■ THE TASK
Reproduce from the records below, with no pictures, exactly the lines between the one containing "In den Ferien" and the one containing "Owing to the", inclusive.

■ MATERIAL PROVIDED
---*---
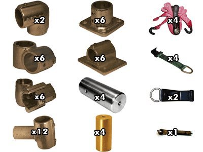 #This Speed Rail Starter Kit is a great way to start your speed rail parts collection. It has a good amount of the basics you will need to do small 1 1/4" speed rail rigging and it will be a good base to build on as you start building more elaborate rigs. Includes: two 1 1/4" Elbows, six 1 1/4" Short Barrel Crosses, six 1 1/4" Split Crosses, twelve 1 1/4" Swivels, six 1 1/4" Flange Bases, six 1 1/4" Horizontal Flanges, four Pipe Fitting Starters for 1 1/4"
---*---
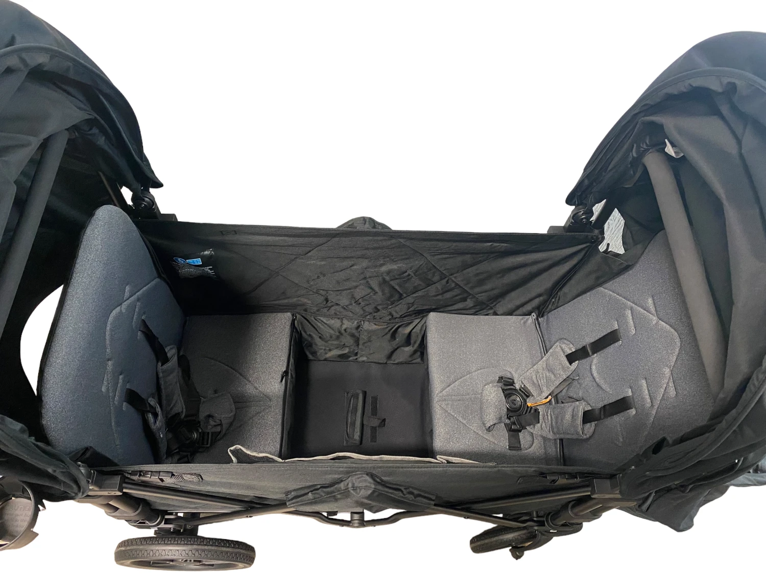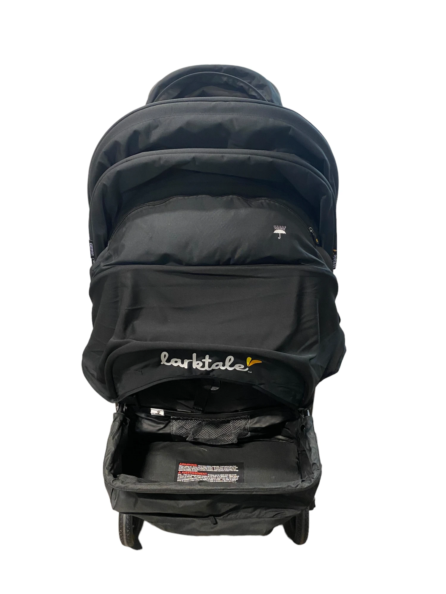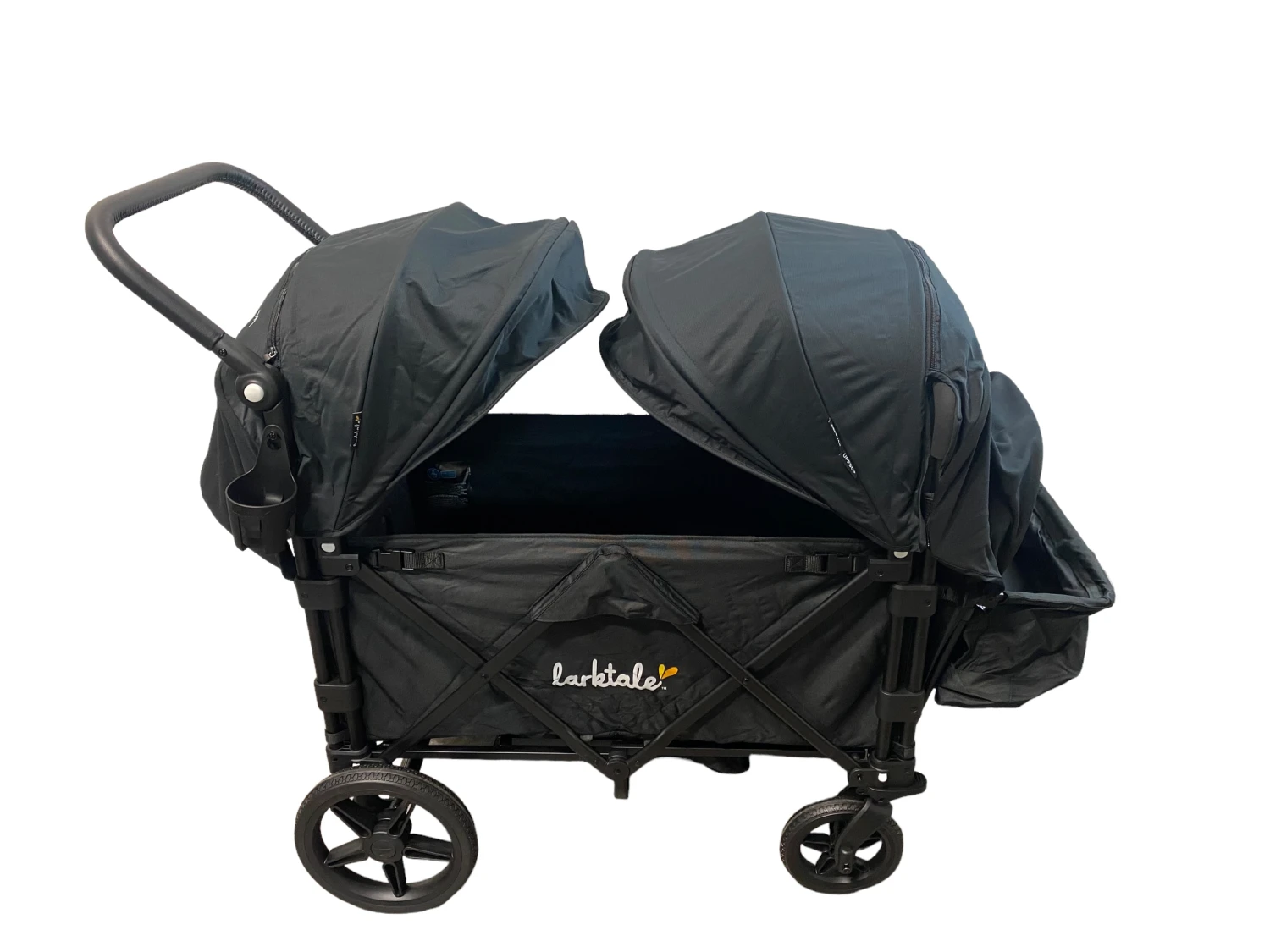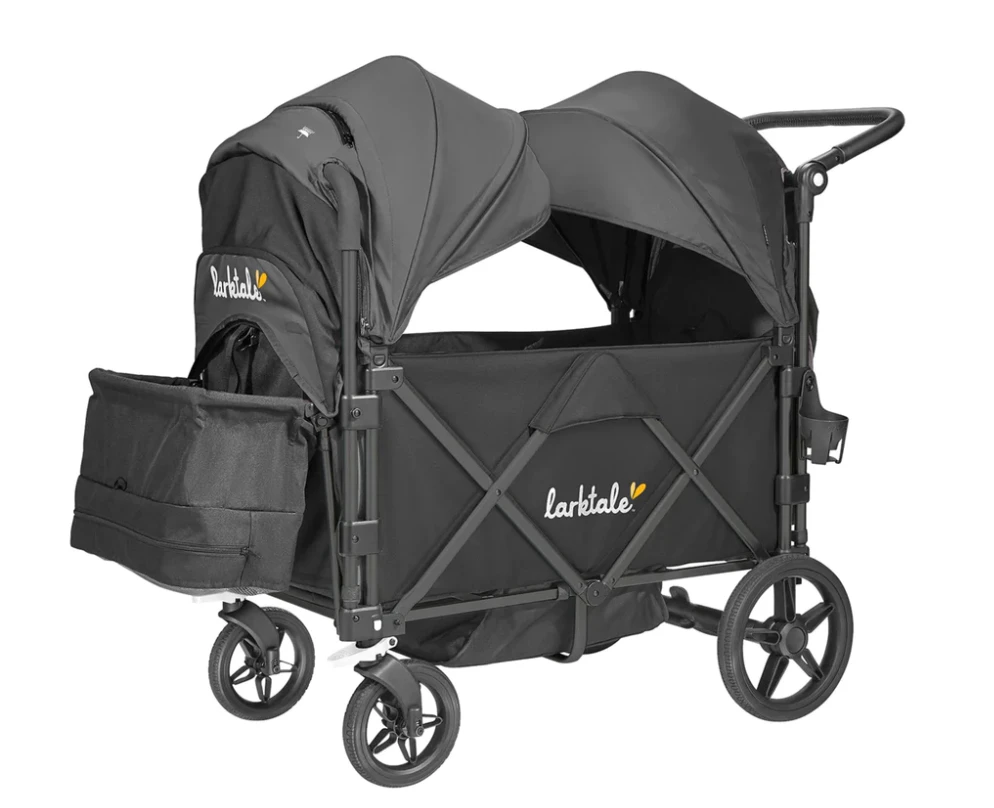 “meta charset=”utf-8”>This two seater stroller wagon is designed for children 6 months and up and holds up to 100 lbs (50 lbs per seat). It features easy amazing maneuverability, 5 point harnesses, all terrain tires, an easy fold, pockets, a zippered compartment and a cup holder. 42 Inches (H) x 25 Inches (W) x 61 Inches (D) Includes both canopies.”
---*---
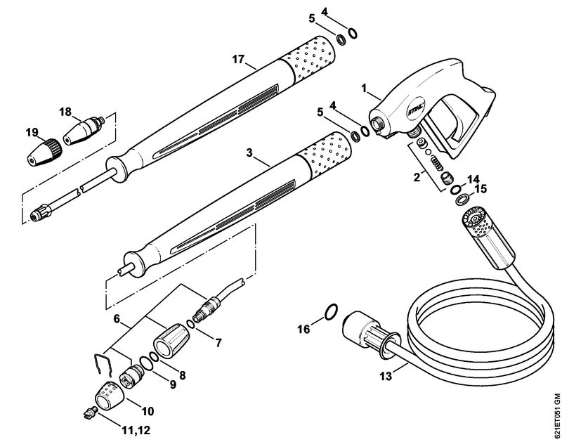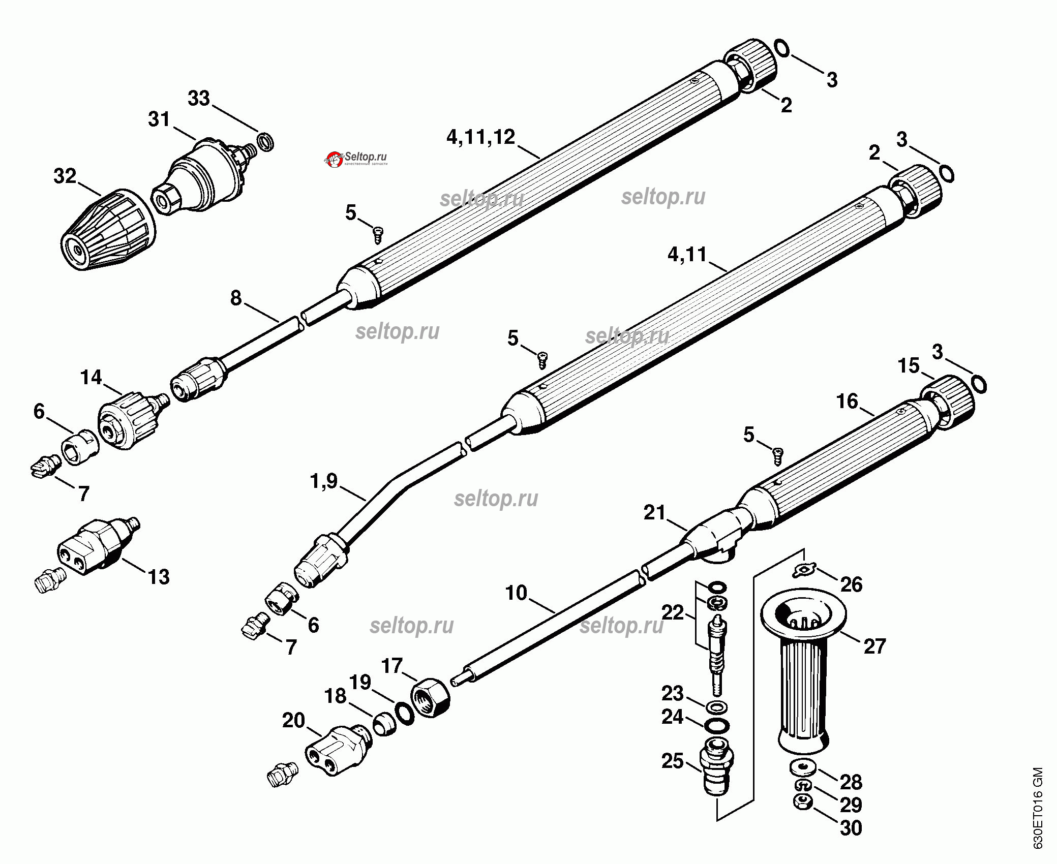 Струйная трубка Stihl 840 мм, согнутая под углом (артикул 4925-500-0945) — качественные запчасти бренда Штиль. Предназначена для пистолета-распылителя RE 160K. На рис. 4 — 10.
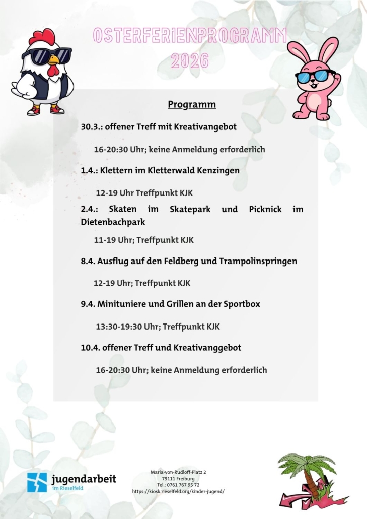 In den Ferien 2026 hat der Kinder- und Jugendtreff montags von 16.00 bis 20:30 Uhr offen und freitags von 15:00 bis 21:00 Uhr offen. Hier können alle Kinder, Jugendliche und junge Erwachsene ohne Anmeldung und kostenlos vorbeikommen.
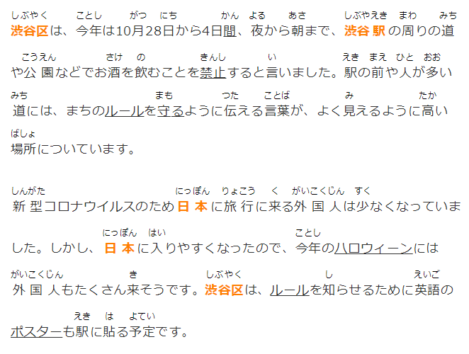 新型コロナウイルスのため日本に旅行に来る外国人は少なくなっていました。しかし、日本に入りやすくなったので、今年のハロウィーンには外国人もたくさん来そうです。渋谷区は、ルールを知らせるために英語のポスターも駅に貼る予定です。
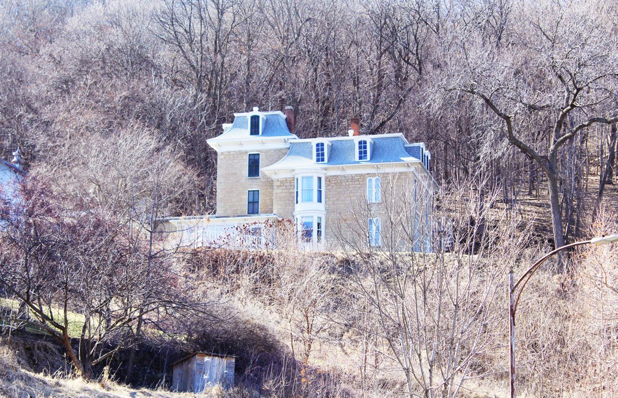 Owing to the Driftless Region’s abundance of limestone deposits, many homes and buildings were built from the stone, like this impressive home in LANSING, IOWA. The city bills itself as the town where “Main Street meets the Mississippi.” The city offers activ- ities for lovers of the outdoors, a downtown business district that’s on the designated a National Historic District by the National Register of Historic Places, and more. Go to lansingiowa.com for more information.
---*---
■ ANSWER BELOW
 In den Ferien 2026 hat der Kinder- und Jugendtreff montags von 16.00 bis 20:30 Uhr offen und freitags von 15:00 bis 21:00 Uhr offen. Hier können alle Kinder, Jugendliche und junge Erwachsene ohne Anmeldung und kostenlos vorbeikommen.
 新型コロナウイルスのため日本に旅行に来る外国人は少なくなっていました。しかし、日本に入りやすくなったので、今年のハロウィーンには外国人もたくさん来そうです。渋谷区は、ルールを知らせるために英語のポスターも駅に貼る予定です。
 Owing to the Driftless Region’s abundance of limestone deposits, many homes and buildings were built from the stone, like this impressive home in LANSING, IOWA. The city bills itself as the town where “Main Street meets the Mississippi.” The city offers activ- ities for lovers of the outdoors, a downtown business district that’s on the designated a National Historic District by the National Register of Historic Places, and more. Go to lansingiowa.com for more information.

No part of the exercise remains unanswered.